● PROVIDED MATERIAL:
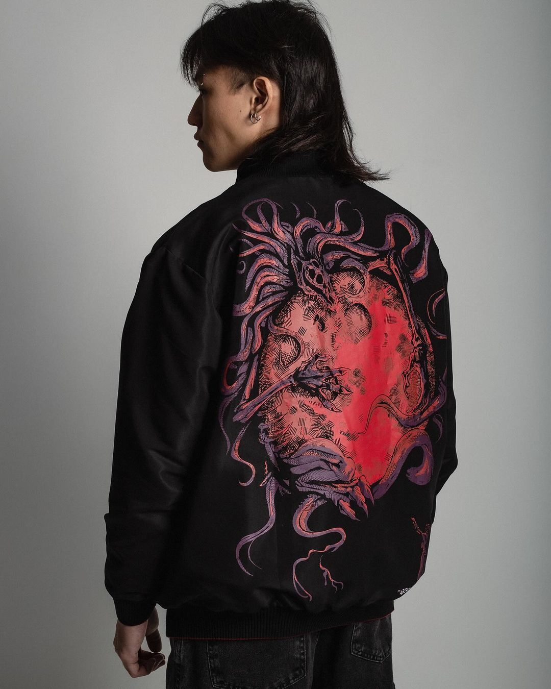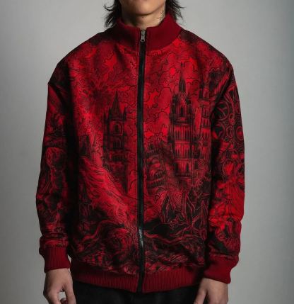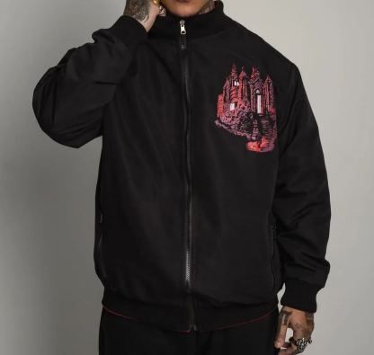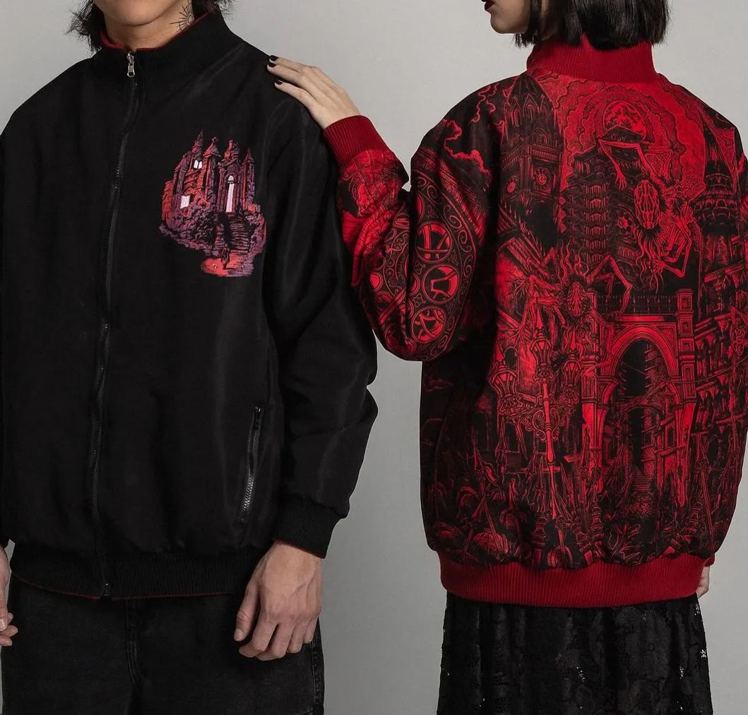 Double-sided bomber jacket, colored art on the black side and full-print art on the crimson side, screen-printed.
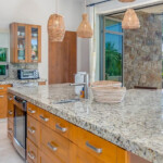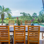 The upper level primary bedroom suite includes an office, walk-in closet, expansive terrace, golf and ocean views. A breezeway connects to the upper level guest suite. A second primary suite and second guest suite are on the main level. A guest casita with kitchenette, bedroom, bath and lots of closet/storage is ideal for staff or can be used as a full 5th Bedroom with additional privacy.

...

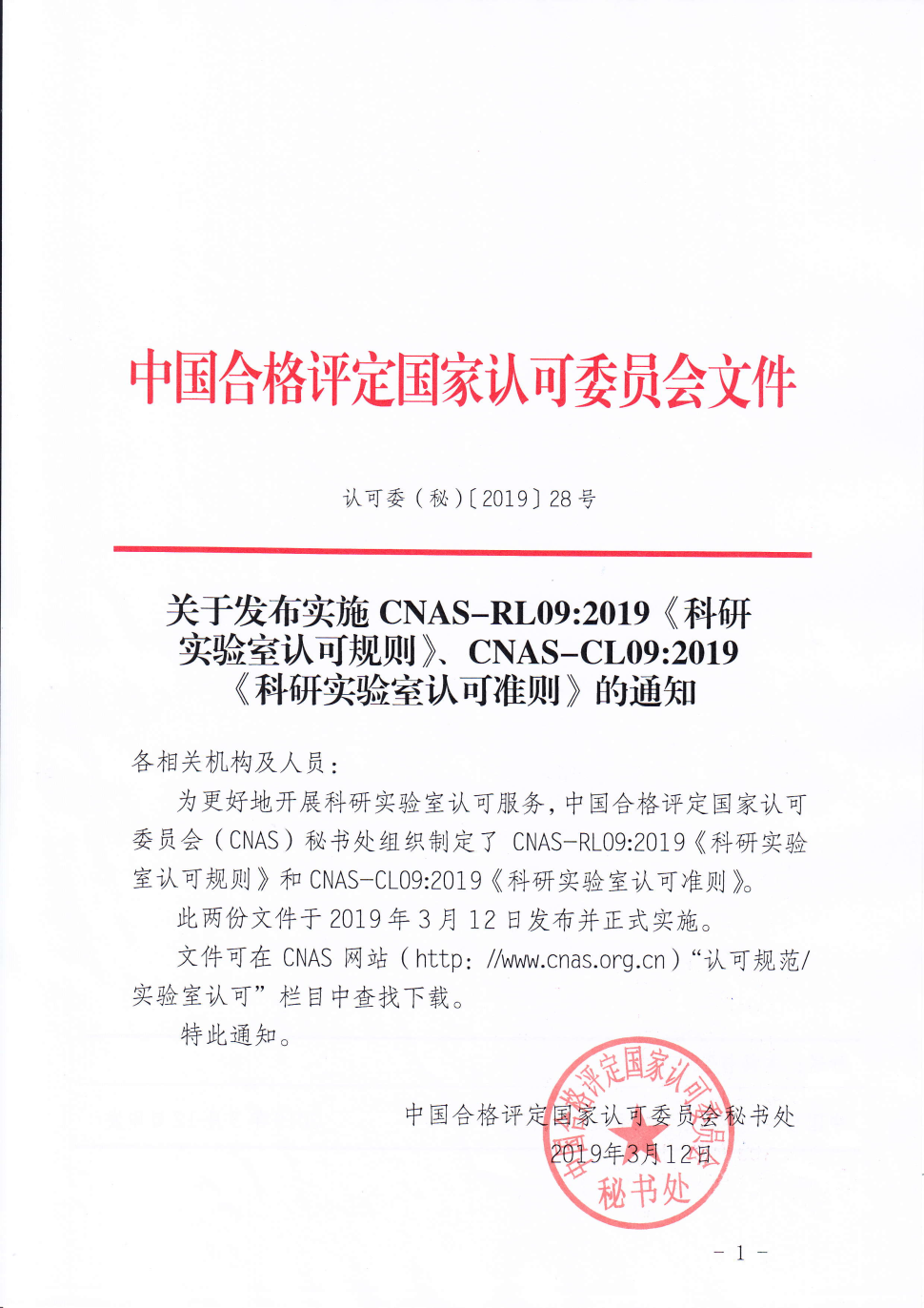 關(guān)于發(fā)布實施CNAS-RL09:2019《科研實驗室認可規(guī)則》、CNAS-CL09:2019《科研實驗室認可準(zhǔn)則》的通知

==

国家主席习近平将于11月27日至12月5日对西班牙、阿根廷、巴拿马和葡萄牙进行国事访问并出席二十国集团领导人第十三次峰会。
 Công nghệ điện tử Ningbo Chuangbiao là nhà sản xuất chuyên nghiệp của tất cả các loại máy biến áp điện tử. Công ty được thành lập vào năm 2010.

● EXERCISE DIRECTIONS: Copy the entries above exactly, but only from the line holding "国家主席习近平将于11月27" through the line holding "Công nghệ điện", both included.

● TASK SOLUTION:
国家主席习近平将于11月27日至12月5日对西班牙、阿根廷、巴拿马和葡萄牙进行国事访问并出席二十国集团领导人第十三次峰会。
 Công nghệ điện tử Ningbo Chuangbiao là nhà sản xuất chuyên nghiệp của tất cả các loại máy biến áp điện tử. Công ty được thành lập vào năm 2010.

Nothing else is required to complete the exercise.